Что касается меня, то дневник этот мне чрезвычайно важен, и читать я его никому уже, конечно, не буду.
Сегодня доктор сказал мне, что при том образе жизни, который я веду последние три года, то есть при постоянных голодовках, бессонницах и непосильной, почти лошадиной работе, у меня может произойти переутомление нервной системы. Как этот модный доктор ни миндальничал за мои кровные пять рублей (он даже советовал мне в Крым ехать для развлечения, а мне не на что калош себе купить!), однако я очень хорошо понял, что мне грозит сумасшествие. Тем более, что все мои почтенные предки были страстными алкоголиками и безумцами. В эту тетрадь я буду записывать все свои мыслишки до тех пор, пока не замечу уже слишком явных несообразностей. А тогда… Тогда либо в больницу, либо, если хватит воли, пулю в лоб.
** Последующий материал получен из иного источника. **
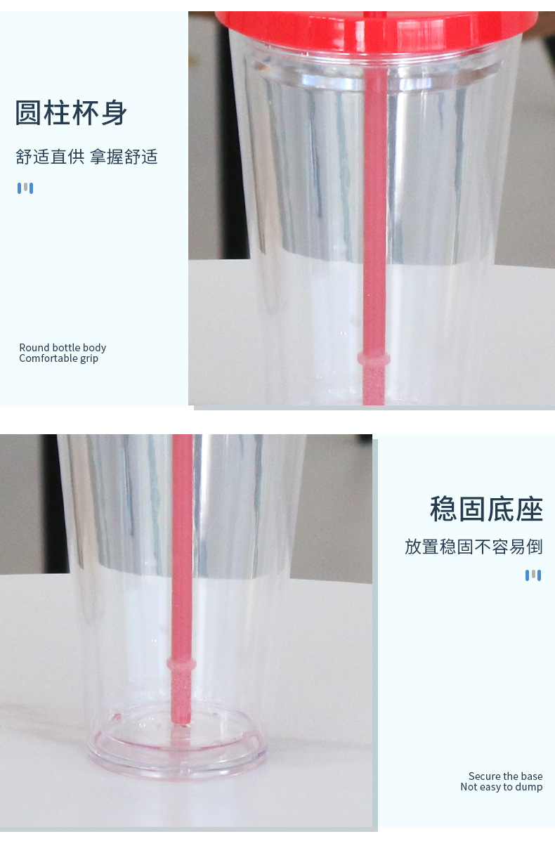 跨境创意粗吸管珍珠奶茶吸管杯DIY硅胶塞双层塑料杯时尚咖啡杯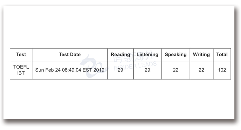 总分:102 (阅读29 听力29 口语22 写作22)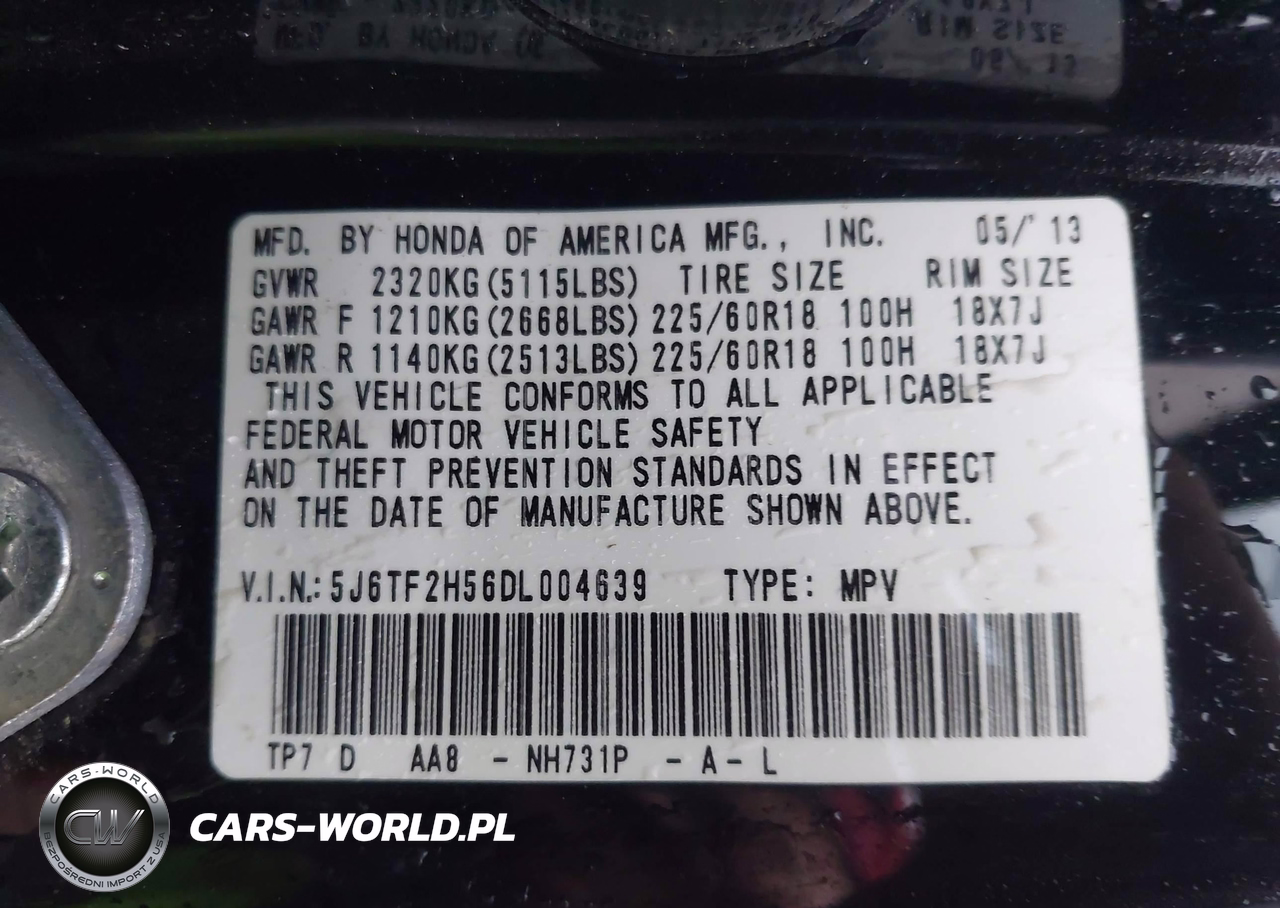 IAAI Nr: I-44568709 VIN: 5J6TF2H56DL004639 Port: Indianapolis, IN

26-го ноября. Чья это несправедливость? Я безусловно обладаю сильным и оригинальным талантом; перед собой-то мне уж рисоваться незачем. В этом убеждении меня укрепляет, конечно, не золотая медаль, присужденная мне академическим советом, с которым я имею основание расходиться во взглядах на искусство, и не отзывы газетных критиков. Я уже не мальчик и умею оценить все это по достоинству, потому что «людская честь бессмысленна, как сон». Но я чувствую в себе присутствие мощного, напряженного творчества, взгляд мой быстро и точно улавливает мельчайшие детали предметов; наконец, мне никогда еще не приходилось насиловать своего воображения, чем так страдают художники в погоне за темами. Исполинские мысли, одна другой смелее и оригинальнее, так переполняют мою голову, что мне иногда становится за нее страшно. Но, что всего важнее, я во время процесса творчества, точно в религиозном экстазе, ощутительно познаю в себе сладкое присутствие моего неведомого бога. Голова моя пылает, по спине бегают холодные волны, волосы мерзнут и шевелятся на голове, дух мой ликует. А насмешливая судьба, точно нарочно, поставила меня в грустную невозможность воплотить до конца хоть один из этих дорогих мучительных образов. Погоня за куском насущного хлеба несовместима со свободным творчеством! Приходится с опасностью для жизни и рассудка лавировать между мечтами и славой и перспективой голодной смерти. Голод – самая плохая пища для вдохновения. Но ведь не могу же я с моим неудержимым полетом фантазии, с тем внутренним кипением, которое меня изнуряет, не могу же я сделаться писарем или сапожником!!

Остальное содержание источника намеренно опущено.